*** Opening of Dataset extract ***
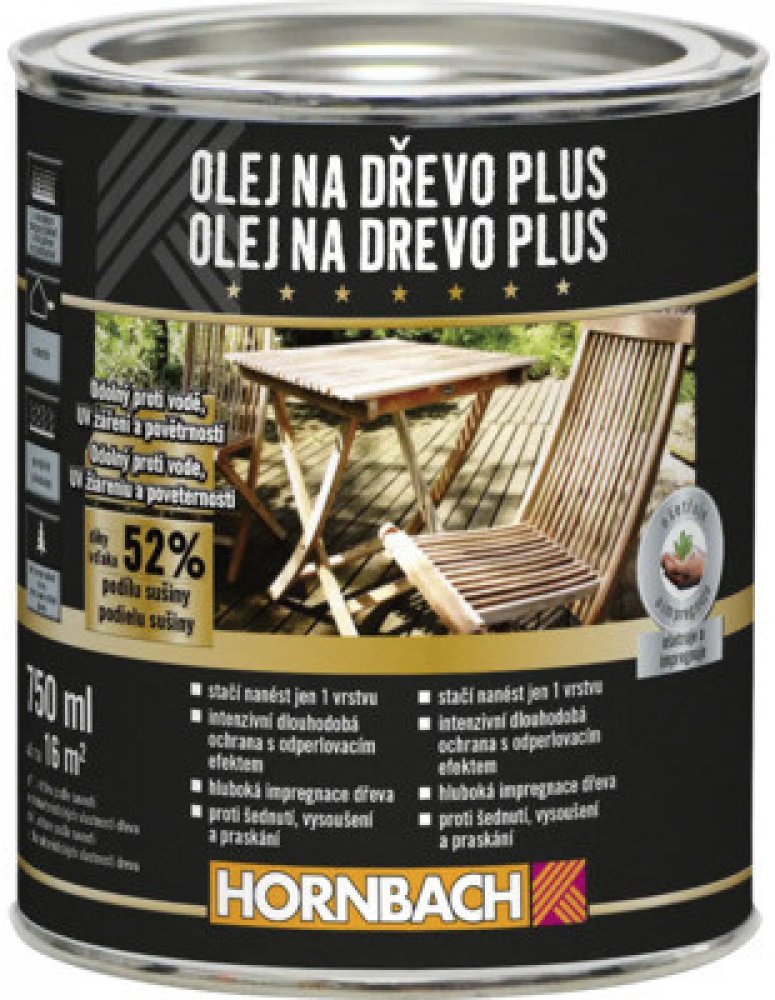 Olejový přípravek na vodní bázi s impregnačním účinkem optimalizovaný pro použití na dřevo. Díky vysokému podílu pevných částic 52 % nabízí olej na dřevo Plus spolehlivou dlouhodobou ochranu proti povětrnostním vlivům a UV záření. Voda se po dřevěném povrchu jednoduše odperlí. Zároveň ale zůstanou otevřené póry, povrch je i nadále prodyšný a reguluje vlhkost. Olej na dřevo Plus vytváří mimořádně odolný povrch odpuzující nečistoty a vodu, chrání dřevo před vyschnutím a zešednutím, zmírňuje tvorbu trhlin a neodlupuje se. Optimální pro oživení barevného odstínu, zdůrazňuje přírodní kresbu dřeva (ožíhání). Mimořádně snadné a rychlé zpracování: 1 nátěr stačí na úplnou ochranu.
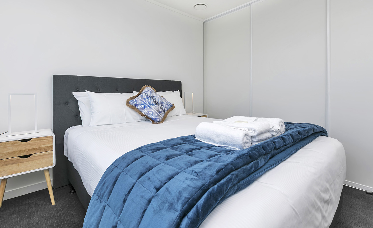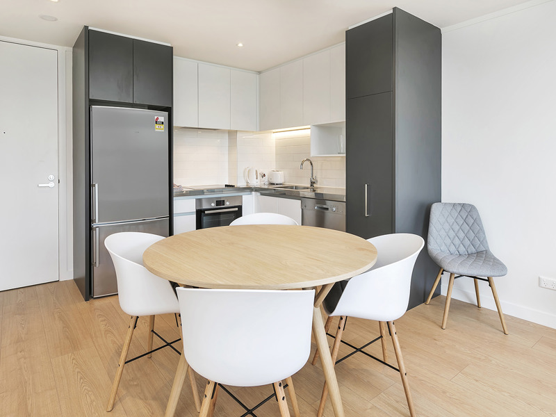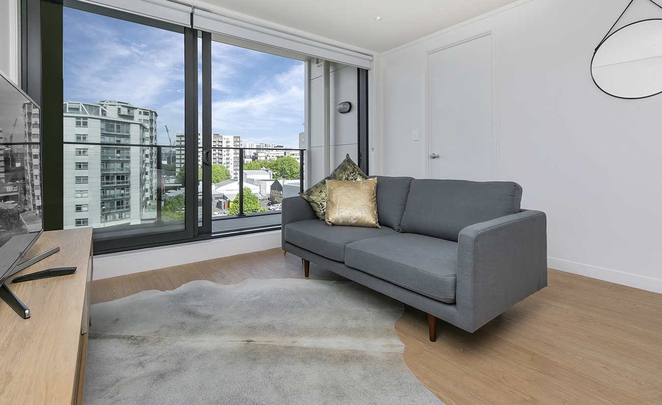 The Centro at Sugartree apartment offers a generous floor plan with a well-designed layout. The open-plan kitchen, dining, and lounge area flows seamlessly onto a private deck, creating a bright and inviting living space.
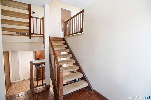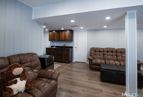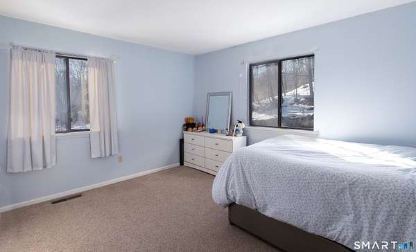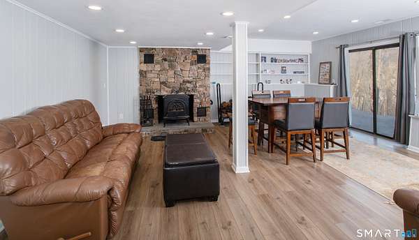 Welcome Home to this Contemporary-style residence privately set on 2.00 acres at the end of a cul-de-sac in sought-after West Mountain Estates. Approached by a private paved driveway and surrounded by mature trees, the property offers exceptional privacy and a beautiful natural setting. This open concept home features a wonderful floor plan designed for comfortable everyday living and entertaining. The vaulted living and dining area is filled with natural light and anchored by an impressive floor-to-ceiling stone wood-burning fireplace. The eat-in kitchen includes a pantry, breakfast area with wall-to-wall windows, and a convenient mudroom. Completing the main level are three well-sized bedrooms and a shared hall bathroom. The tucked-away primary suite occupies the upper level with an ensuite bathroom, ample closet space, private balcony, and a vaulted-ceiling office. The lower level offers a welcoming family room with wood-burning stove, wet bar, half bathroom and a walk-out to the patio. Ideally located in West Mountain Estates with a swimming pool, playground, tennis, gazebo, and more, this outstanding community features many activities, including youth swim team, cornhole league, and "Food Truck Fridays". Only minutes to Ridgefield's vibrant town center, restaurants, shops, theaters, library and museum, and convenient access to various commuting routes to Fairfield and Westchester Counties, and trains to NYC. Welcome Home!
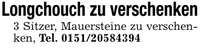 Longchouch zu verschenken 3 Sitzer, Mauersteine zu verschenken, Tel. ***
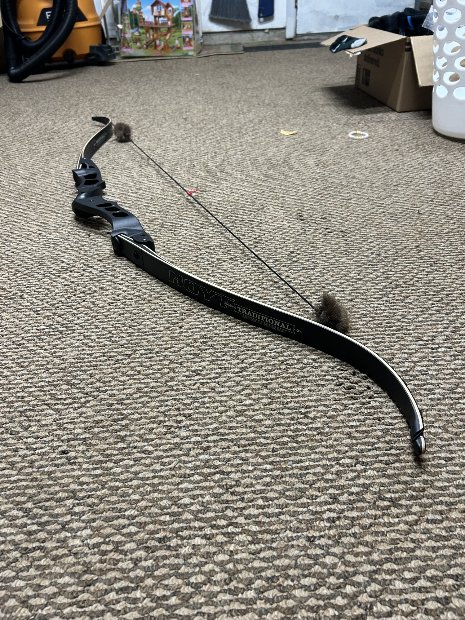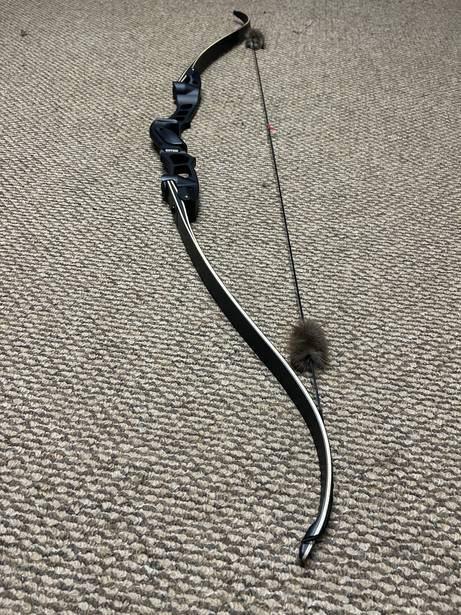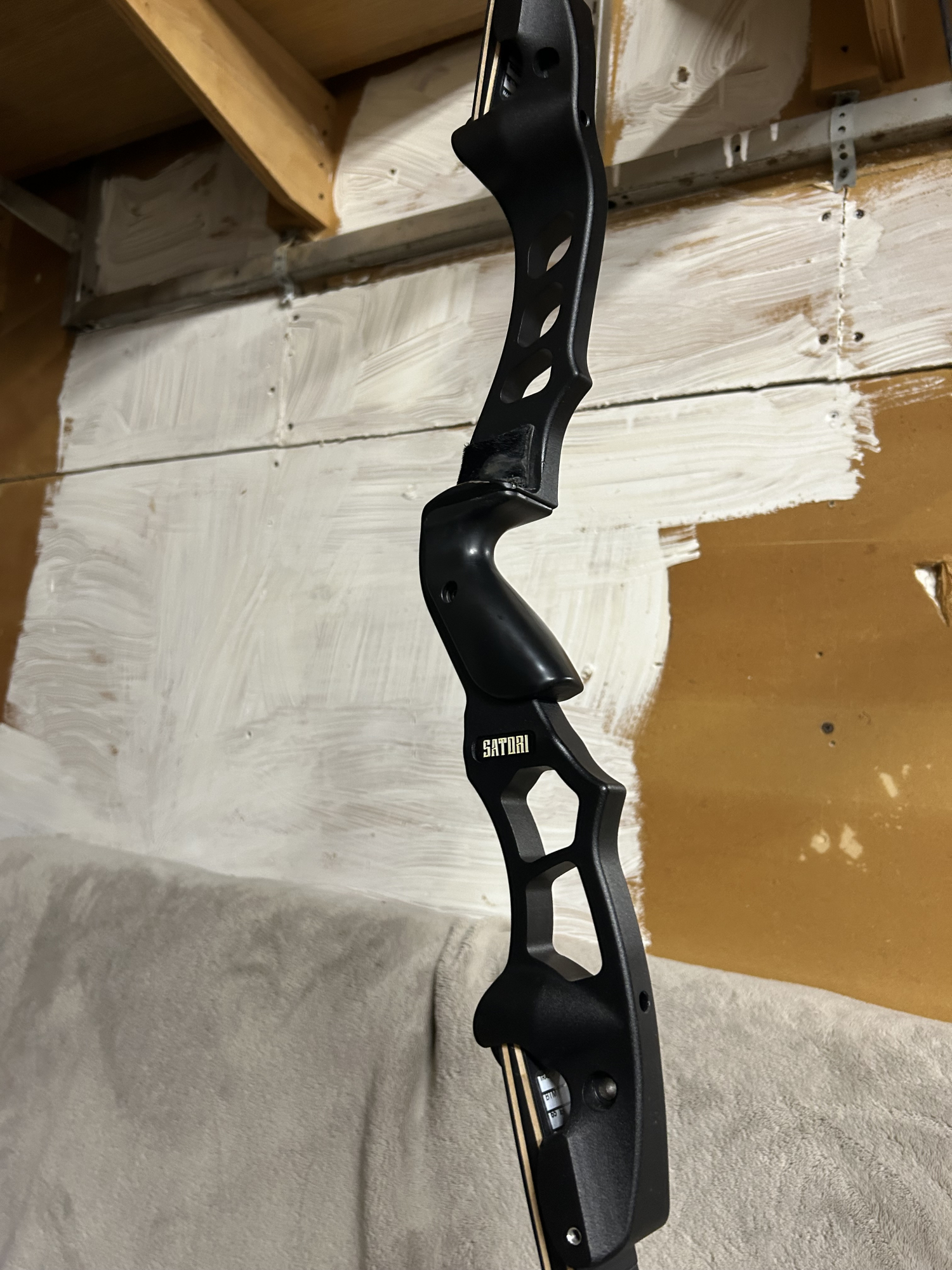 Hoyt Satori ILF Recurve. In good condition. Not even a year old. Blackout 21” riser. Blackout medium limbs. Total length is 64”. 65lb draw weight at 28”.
*** Close of Dataset extract ***
Exact copy, pictures excluded: restate every record above word for word.

 Olejový přípravek na vodní bázi s impregnačním účinkem optimalizovaný pro použití na dřevo. Díky vysokému podílu pevných částic 52 % nabízí olej na dřevo Plus spolehlivou dlouhodobou ochranu proti povětrnostním vlivům a UV záření. Voda se po dřevěném povrchu jednoduše odperlí. Zároveň ale zůstanou otevřené póry, povrch je i nadále prodyšný a reguluje vlhkost. Olej na dřevo Plus vytváří mimořádně odolný povrch odpuzující nečistoty a vodu, chrání dřevo před vyschnutím a zešednutím, zmírňuje tvorbu trhlin a neodlupuje se. Optimální pro oživení barevného odstínu, zdůrazňuje přírodní kresbu dřeva (ožíhání). Mimořádně snadné a rychlé zpracování: 1 nátěr stačí na úplnou ochranu.
 The Centro at Sugartree apartment offers a generous floor plan with a well-designed layout. The open-plan kitchen, dining, and lounge area flows seamlessly onto a private deck, creating a bright and inviting living space.
 Welcome Home to this Contemporary-style residence privately set on 2.00 acres at the end of a cul-de-sac in sought-after West Mountain Estates. Approached by a private paved driveway and surrounded by mature trees, the property offers exceptional privacy and a beautiful natural setting. This open concept home features a wonderful floor plan designed for comfortable everyday living and entertaining. The vaulted living and dining area is filled with natural light and anchored by an impressive floor-to-ceiling stone wood-burning fireplace. The eat-in kitchen includes a pantry, breakfast area with wall-to-wall windows, and a convenient mudroom. Completing the main level are three well-sized bedrooms and a shared hall bathroom. The tucked-away primary suite occupies the upper level with an ensuite bathroom, ample closet space, private balcony, and a vaulted-ceiling office. The lower level offers a welcoming family room with wood-burning stove, wet bar, half bathroom and a walk-out to the patio. Ideally located in West Mountain Estates with a swimming pool, playground, tennis, gazebo, and more, this outstanding community features many activities, including youth swim team, cornhole league, and "Food Truck Fridays". Only minutes to Ridgefield's vibrant town center, restaurants, shops, theaters, library and museum, and convenient access to various commuting routes to Fairfield and Westchester Counties, and trains to NYC. Welcome Home!
 Longchouch zu verschenken 3 Sitzer, Mauersteine zu verschenken, Tel. ***
 Hoyt Satori ILF Recurve. In good condition. Not even a year old. Blackout 21” riser. Blackout medium limbs. Total length is 64”. 65lb draw weight at 28”.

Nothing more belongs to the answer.